如果您希望抓取动态内容,Selenium 是更好的选择。
使用 BeautifulSoup 进行网页抓取示例
让我们通过快速抓取教程来获得有关 BeautifulSoup 与 Selenium 之间性能比较的更多见解。
由于 BeautifulSoup 只是提供了一种浏览数据的方法,我们将使用另一个模块来下载网站数据。让我们使用requests
并从维基百科文章中抓取一段:
随机维基百科页面
首先,检查页面元素以找到介绍元素。你会在with类p
下的第二个标签中找到它:div
mv-parser-output
检查维基百科页面
剩下的就是GET
向网站发送请求并定义一个 BeautifulSoup 对象来获取元素。首先导入必要的工具:
# load the required packages from bs4 import BeautifulSoup # we need a module to connect to websites, you can also use built-in urrlib module. import requests url = "https://en.wikipedia.org/wiki/CSS_Baltic" # get the website data response = requests.get(url)
之后,定义对象并解析 HTML。find
然后,使用和方法提取数据find_all
。
find
返回元素的第一次出现。find_all
返回所有找到的元素。
# parse response text using html.parser soup = BeautifulSoup(response.text, "html.parser") # get the main div element main_div = soup.find("div", {"class": "mw-body-content mw-content-ltr"}) # extract the content div content_div = main_div.find("div", {"class": "mw-parser-output"}) # second div is the first paragraph second_p = main_div.find_all("p")[1] # print out the extracted data print(second_p.text)
查看 BeautifulSoup 的完整代码:
# load the required packages from bs4 import BeautifulSoup # we need a module to connect to websites, you can also use built-in urrlib module. import requests url = "https://en.wikipedia.org/wiki/CSS_Baltic" # get the website data response = requests.get(url) # parse response text using html.parser soup = BeautifulSoup(response.text, "html.parser") # get the main div element main_div = soup.find("div", {"class": "mw-body-content mw-content-ltr"}) # extract the content div content_div = main_div.find("div", {"class": "mw-parser-output"}) # second div is the first paragraph second_p = main_div.find_all("p")[1] # print out the extracted data print(second_p.text)
运行脚本后,输出应该如下所示:
CSS[a] Baltic was an ironclad warship that served in the Confederate States Navy during the American Civil War.
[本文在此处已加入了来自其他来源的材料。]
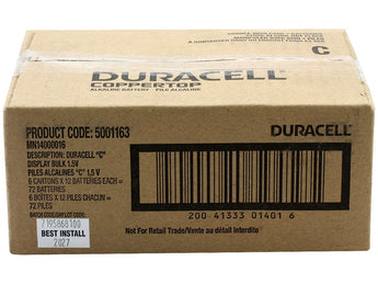 Duracell C cells are new and improved to meet the demands of powering up devices. The technology of the Duralock battery has been constantly upgraded to provide advanced performance in popular battery powered devices. Best of all, Duralock Technology employs the cleanest chemistry to create incredibly efficient batteries, ensuring up to 10 years of power in storage and 10 years of trust. These Duracell MN1400 C cell alkaline batteries are sold packs of 72.The Duracell CopperTop is best suited when you need reliable, long lasting life from your everyday devices!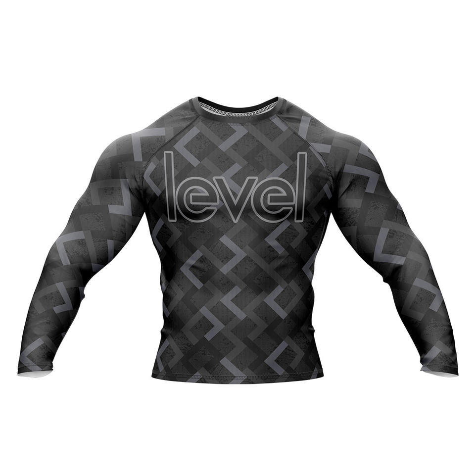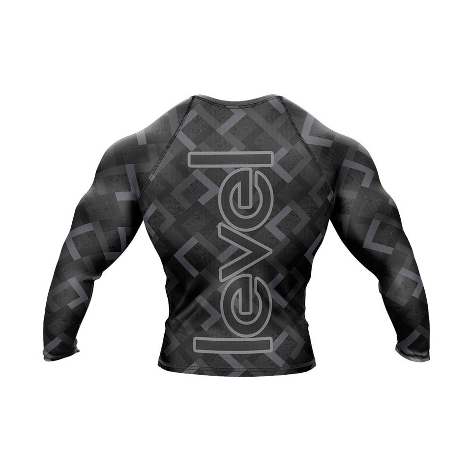 เสื้อรัดกล้ามเนื้อ LEVEL SPORTS MMA Rush Guard สำหรับผู้ชาย พิมพ์โลโก้ได้ตามต้องการ ป้องกันแสงแดด UPF50+ ระบายอากาศได้ดี แห้งเร็ว เป็นมิตรกับสิ่งแวดล้อม น้ำหนัก 240 กรัม แขนยาว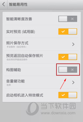 1、同样的需要进入到相机360的系统设置功能界面,然后再点击高级设置,在高级设置栏里点击智能易用性,然后选择进入构图辅助功能界面。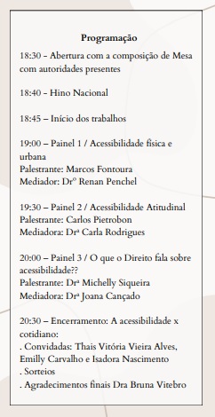 Com o tema “Acessibilidade para Todos: Multiplicadores da Inclusão Social”, este será um momento de reflexão, aprendizado e troca de experiências, reforçando a importância da acessibilidade adequada para todos os tipos de deficiência e quais seriam seus direitos.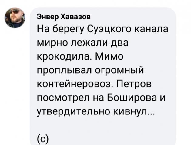 Потому, как сообщает ИА «Панорама» (https://panorama.pub/news/kapitana-p...rdenom-druzhby) Президентом России подписан указ о награждении капитана панамского контейнеровоза Ever Given Орденом Дружбы...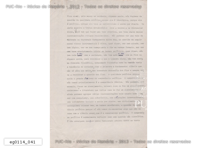 eg0114_041 | 11/1986 | Artigo intitulado 'Pós-graduação e competência política', de autoria do professor Pedro Demo, apresentado no Seminário dos 20 anos do mestrado em Educação da PUC-Rio. |

A towboat before the war, she was purchased by the state of Alabama in December 1861 for conversion into an ironclad. After being transferred to the Confederate Navy in May 1862 as an ironclad, she served on Mobile Bay off the Gulf of Mexico. Baltic's condition in Confederate service was such that naval historian William N. Still Jr. has described her as "a nondescript vessel in many ways".[3] Over the next two years, parts of the ship's wooden structure were affected by wood rot. Her armor was removed to be put onto the ironclad CSS Nashville in 1864. By that August, Baltic had been decommissioned. Near the end of the war, she was taken up the Tombigbee River, where she was captured by Union forces on May 10, 1865. An inspection of Baltic the next month found that her upper hull and deck were rotten and that her boilers were unsafe. She was sold on December 31, and was likely broken up in 1866.
就这样!
尽管 BeautifulSoup 只能抓取静态网页,但也可以通过将其与不同的库结合来提取动态数据。通过将ZenRows API 与 Python Requests 和 BeautifulSoup结合使用,了解如何做到这一点。
Selenium
Selenium是一种开源浏览器自动化工具,通常用于网络抓取。它已经存在了十多年,其主要组件是 Selenium IDE(用于在自动化操作之前记录操作)、Selenium WebDriver(用于在浏览器中执行命令)和 Selenium Grid(用于并行执行)。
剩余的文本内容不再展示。